» **WORK TO BE COMPLETED**
When you reach the line containing "Permintaan penawaran dan", begin reproducing the material exactly, stop after the line containing "The reversible work", and leave out any pictures along the way.

» **PROVIDED RECORDS**
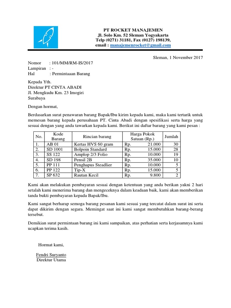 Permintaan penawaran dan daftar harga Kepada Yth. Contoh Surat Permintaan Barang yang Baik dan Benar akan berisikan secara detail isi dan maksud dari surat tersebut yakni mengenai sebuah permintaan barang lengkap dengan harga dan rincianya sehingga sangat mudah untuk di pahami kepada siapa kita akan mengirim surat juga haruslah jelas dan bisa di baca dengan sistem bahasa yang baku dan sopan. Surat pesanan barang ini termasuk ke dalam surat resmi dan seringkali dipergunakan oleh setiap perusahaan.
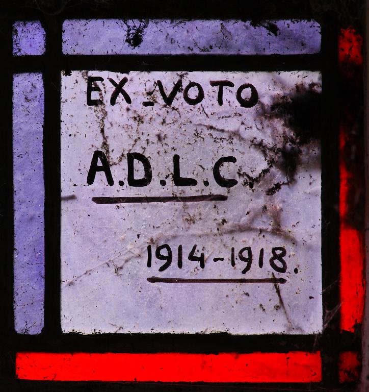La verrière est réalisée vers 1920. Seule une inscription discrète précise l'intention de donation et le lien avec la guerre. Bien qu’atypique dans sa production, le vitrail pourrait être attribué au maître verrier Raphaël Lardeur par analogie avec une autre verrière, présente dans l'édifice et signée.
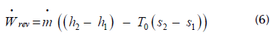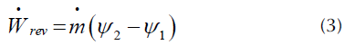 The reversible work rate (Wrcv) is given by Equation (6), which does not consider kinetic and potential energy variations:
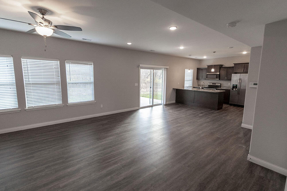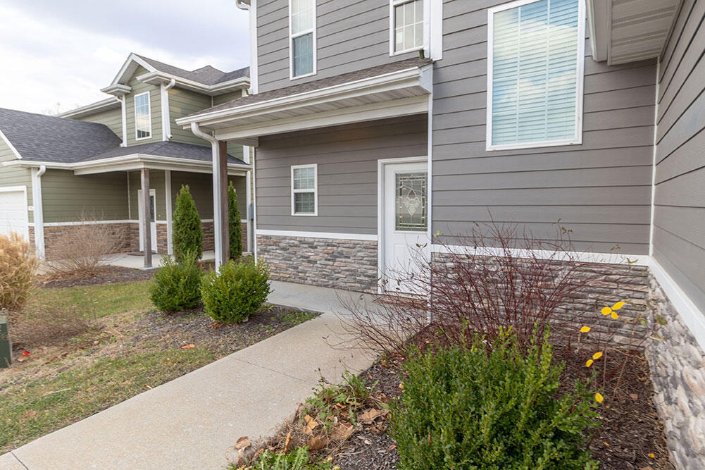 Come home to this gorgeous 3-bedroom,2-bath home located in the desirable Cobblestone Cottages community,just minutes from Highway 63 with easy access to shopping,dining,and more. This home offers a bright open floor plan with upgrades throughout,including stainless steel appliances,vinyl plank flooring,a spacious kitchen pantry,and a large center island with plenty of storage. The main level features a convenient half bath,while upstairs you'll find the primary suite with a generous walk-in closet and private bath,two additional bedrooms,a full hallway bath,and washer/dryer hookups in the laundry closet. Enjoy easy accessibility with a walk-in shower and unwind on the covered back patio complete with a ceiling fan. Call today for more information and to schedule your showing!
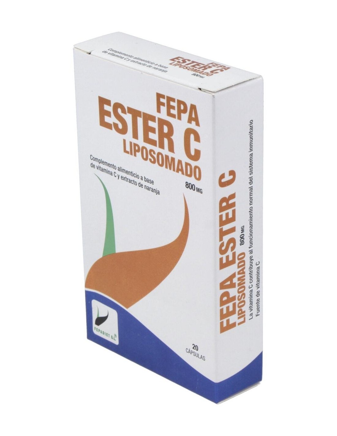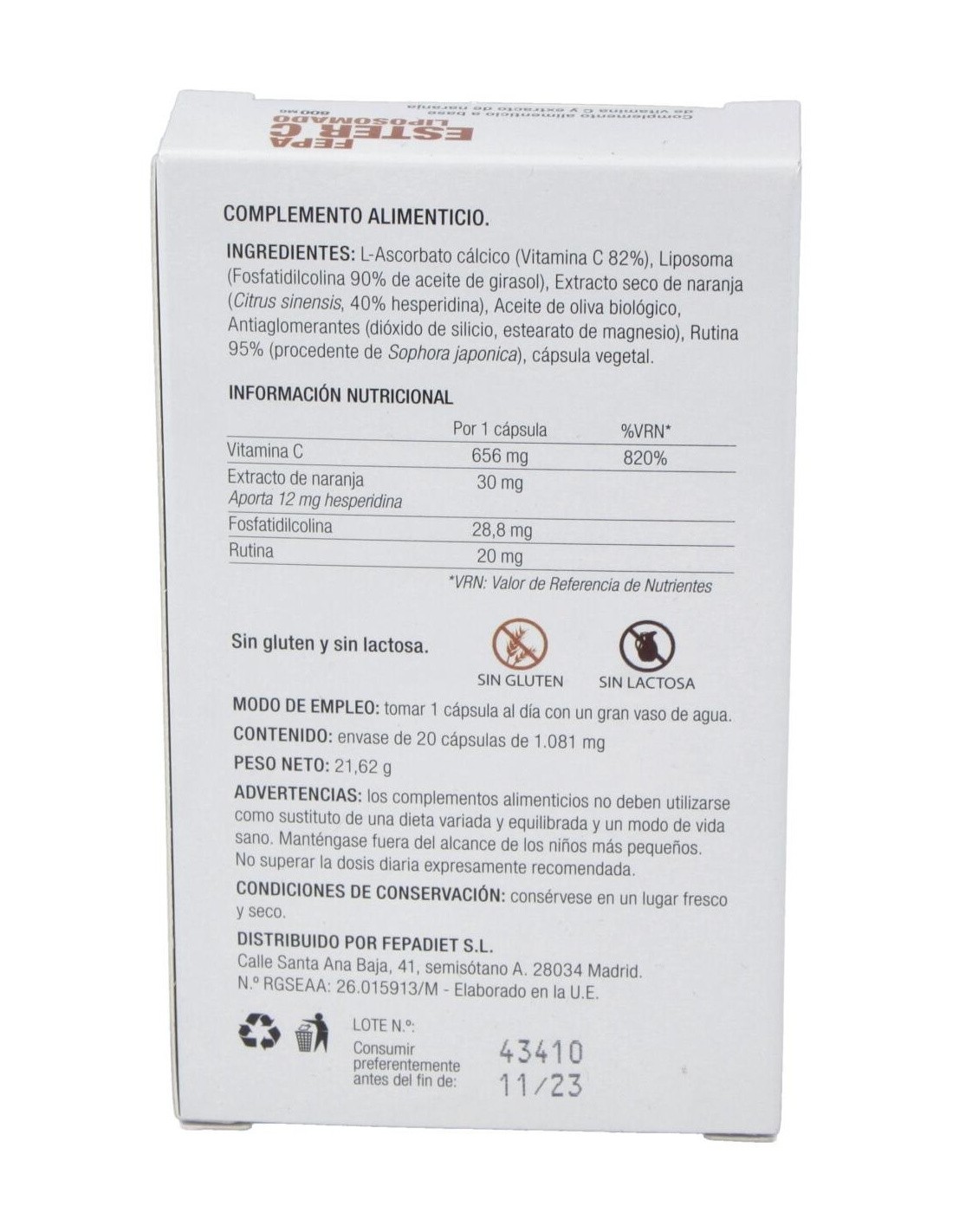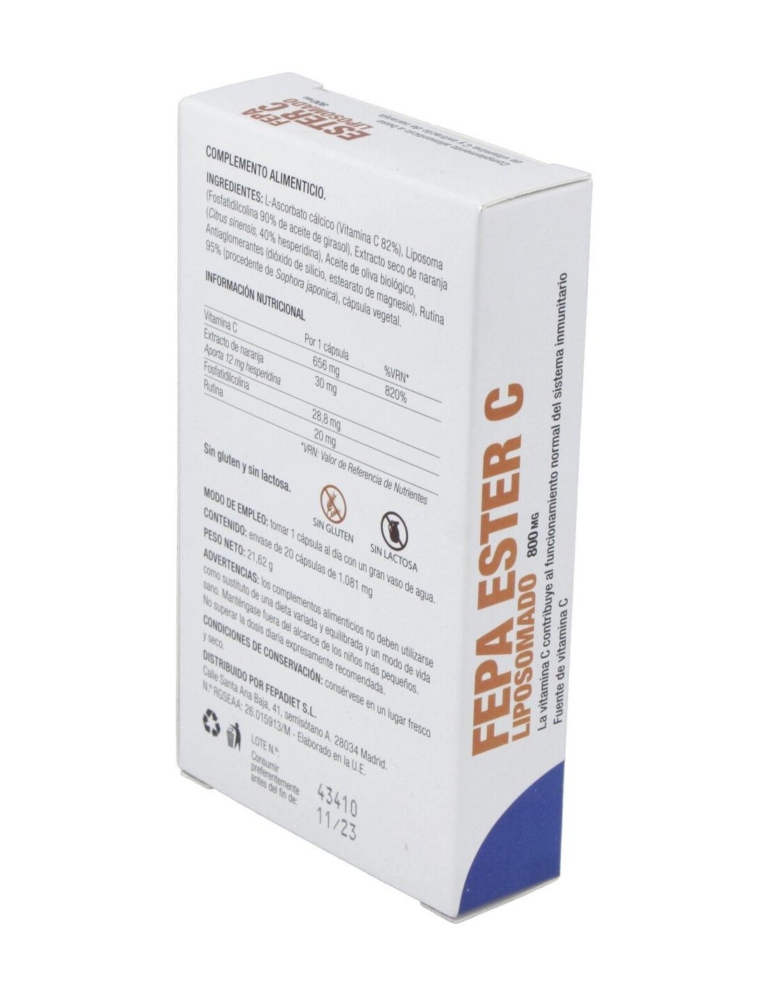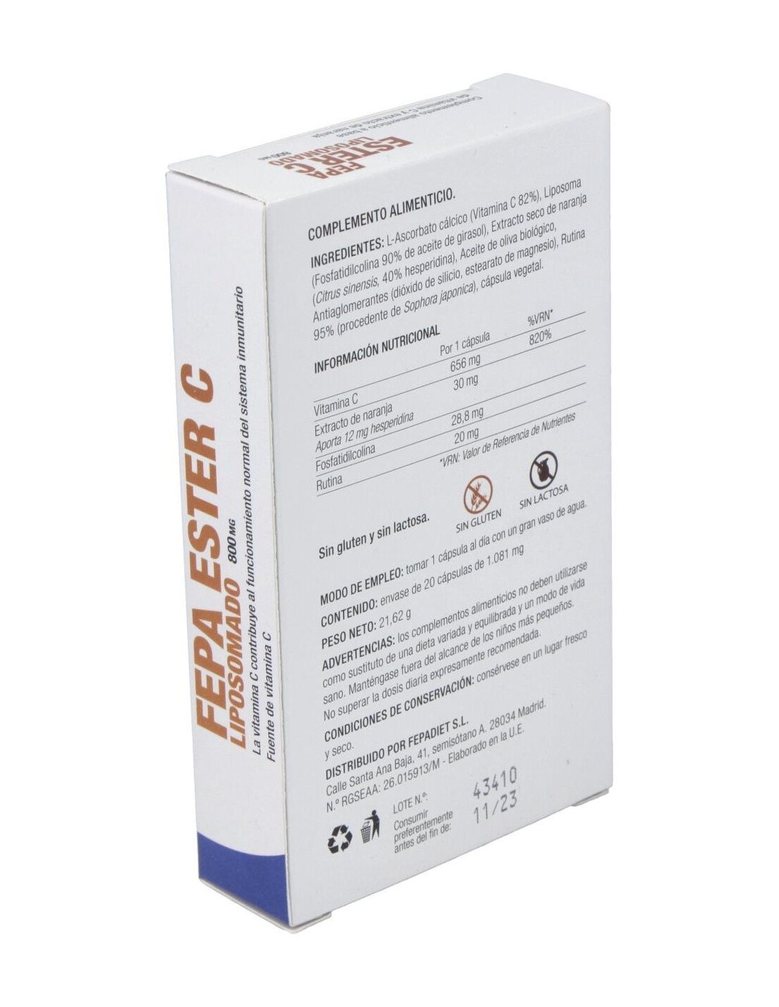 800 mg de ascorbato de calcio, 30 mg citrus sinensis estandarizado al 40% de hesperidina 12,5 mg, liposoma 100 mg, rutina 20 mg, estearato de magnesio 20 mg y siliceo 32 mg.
==
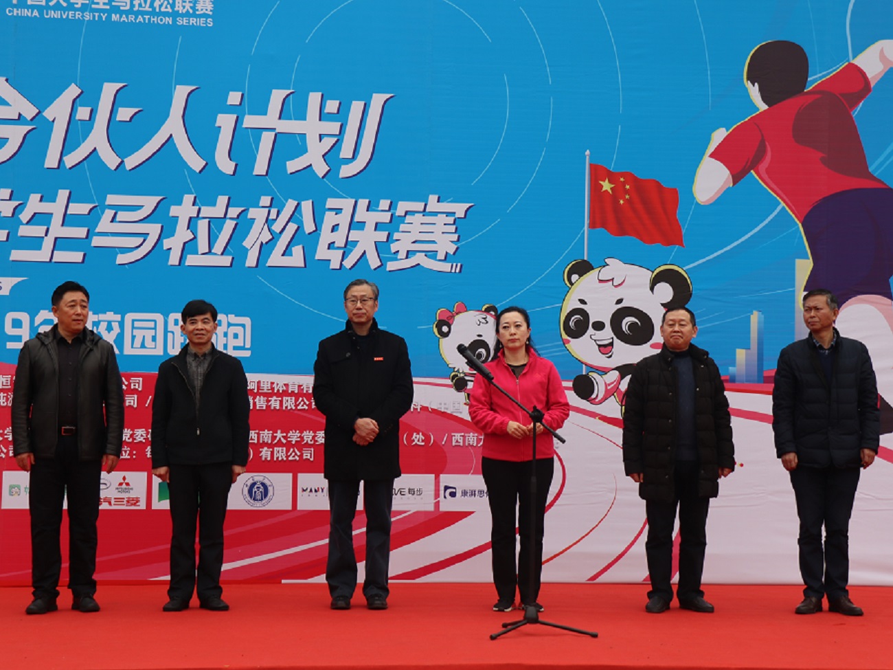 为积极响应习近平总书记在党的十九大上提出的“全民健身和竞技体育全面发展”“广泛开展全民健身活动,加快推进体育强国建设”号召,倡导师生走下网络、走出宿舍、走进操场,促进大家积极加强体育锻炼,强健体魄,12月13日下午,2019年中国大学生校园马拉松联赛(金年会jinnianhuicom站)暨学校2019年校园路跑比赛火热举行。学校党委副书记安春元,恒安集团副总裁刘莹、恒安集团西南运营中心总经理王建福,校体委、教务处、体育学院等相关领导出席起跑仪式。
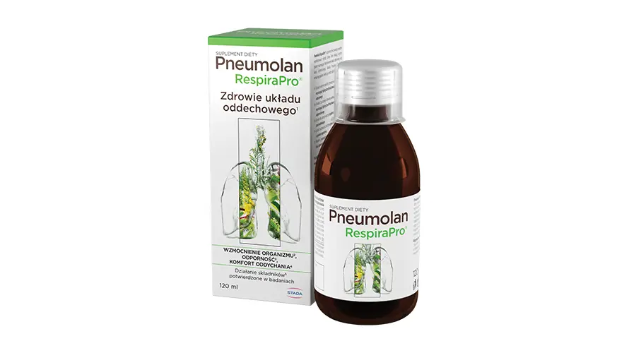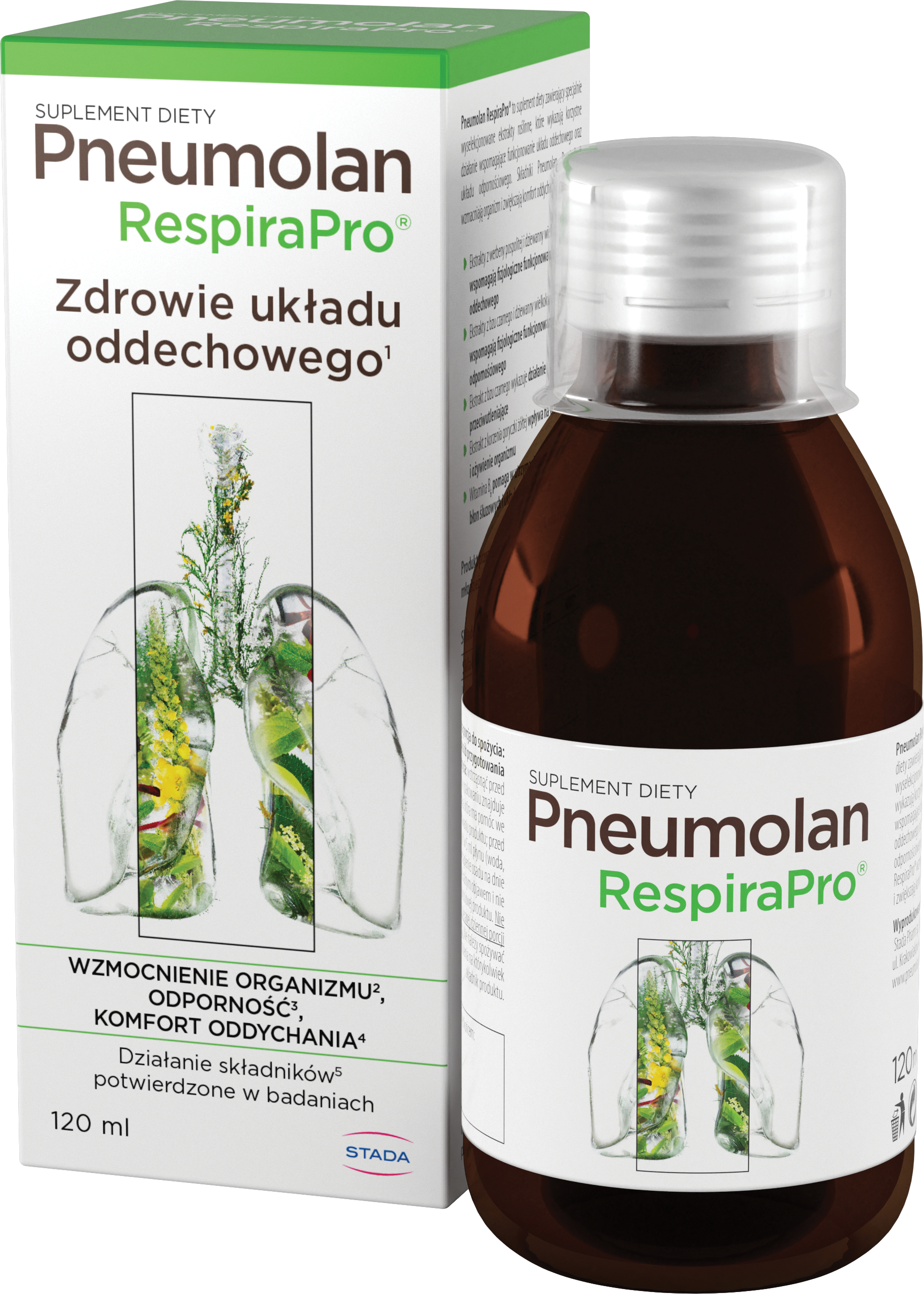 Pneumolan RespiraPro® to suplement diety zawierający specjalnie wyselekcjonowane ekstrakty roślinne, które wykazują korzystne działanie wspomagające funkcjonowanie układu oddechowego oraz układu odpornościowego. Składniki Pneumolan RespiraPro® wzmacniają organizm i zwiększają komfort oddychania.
---
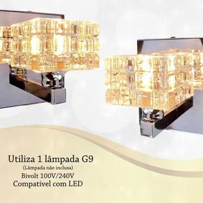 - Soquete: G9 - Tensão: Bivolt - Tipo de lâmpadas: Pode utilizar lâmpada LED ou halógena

» **WRITTEN ANSWER**
 Permintaan penawaran dan daftar harga Kepada Yth. Contoh Surat Permintaan Barang yang Baik dan Benar akan berisikan secara detail isi dan maksud dari surat tersebut yakni mengenai sebuah permintaan barang lengkap dengan harga dan rincianya sehingga sangat mudah untuk di pahami kepada siapa kita akan mengirim surat juga haruslah jelas dan bisa di baca dengan sistem bahasa yang baku dan sopan. Surat pesanan barang ini termasuk ke dalam surat resmi dan seringkali dipergunakan oleh setiap perusahaan.
La verrière est réalisée vers 1920. Seule une inscription discrète précise l'intention de donation et le lien avec la guerre. Bien qu’atypique dans sa production, le vitrail pourrait être attribué au maître verrier Raphaël Lardeur par analogie avec une autre verrière, présente dans l'édifice et signée.
 The reversible work rate (Wrcv) is given by Equation (6), which does not consider kinetic and potential energy variations:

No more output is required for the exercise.